[INFORMATION Boundary: Start]

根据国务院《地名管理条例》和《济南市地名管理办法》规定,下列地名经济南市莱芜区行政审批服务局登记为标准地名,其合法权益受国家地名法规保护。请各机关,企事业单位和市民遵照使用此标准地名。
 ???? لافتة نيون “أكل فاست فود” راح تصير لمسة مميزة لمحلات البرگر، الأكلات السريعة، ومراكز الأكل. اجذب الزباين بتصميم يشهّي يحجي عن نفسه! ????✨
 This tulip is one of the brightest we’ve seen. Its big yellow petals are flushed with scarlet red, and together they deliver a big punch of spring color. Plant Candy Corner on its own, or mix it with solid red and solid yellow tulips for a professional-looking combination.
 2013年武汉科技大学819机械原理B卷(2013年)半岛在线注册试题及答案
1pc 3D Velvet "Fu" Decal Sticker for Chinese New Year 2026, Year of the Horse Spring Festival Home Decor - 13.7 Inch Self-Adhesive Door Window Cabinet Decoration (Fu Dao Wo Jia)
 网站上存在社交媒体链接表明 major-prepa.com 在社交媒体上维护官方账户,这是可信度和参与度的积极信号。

[INFORMATION Boundary: End]
[INFORMATION Boundary: Start]

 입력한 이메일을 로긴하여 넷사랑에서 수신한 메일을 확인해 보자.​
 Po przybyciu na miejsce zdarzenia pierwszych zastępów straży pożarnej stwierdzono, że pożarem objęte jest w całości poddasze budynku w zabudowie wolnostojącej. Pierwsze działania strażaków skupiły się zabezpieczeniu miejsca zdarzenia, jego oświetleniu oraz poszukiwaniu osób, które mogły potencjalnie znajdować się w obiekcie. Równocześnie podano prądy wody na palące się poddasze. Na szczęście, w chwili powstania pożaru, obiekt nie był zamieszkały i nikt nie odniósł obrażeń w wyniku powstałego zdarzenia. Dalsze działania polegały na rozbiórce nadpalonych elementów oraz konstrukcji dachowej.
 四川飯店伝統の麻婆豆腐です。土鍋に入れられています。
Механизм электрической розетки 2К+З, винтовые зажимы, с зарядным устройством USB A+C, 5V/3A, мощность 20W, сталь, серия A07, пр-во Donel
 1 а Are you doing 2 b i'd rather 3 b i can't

[INFORMATION Boundary: End]

EXERCISE | Reproduce exactly the lines above from the line with "根据国务院《地名管理条例》和" to the line with "2013年武汉科技大学819机械原理B卷(2013年)半岛在线注册试题及答案", including both, and add nothing.

TASK ANSWER |
根据国务院《地名管理条例》和《济南市地名管理办法》规定,下列地名经济南市莱芜区行政审批服务局登记为标准地名,其合法权益受国家地名法规保护。请各机关,企事业单位和市民遵照使用此标准地名。
 ???? لافتة نيون “أكل فاست فود” راح تصير لمسة مميزة لمحلات البرگر، الأكلات السريعة، ومراكز الأكل. اجذب الزباين بتصميم يشهّي يحجي عن نفسه! ????✨
 This tulip is one of the brightest we’ve seen. Its big yellow petals are flushed with scarlet red, and together they deliver a big punch of spring color. Plant Candy Corner on its own, or mix it with solid red and solid yellow tulips for a professional-looking combination.
 2013年武汉科技大学819机械原理B卷(2013年)半岛在线注册试题及答案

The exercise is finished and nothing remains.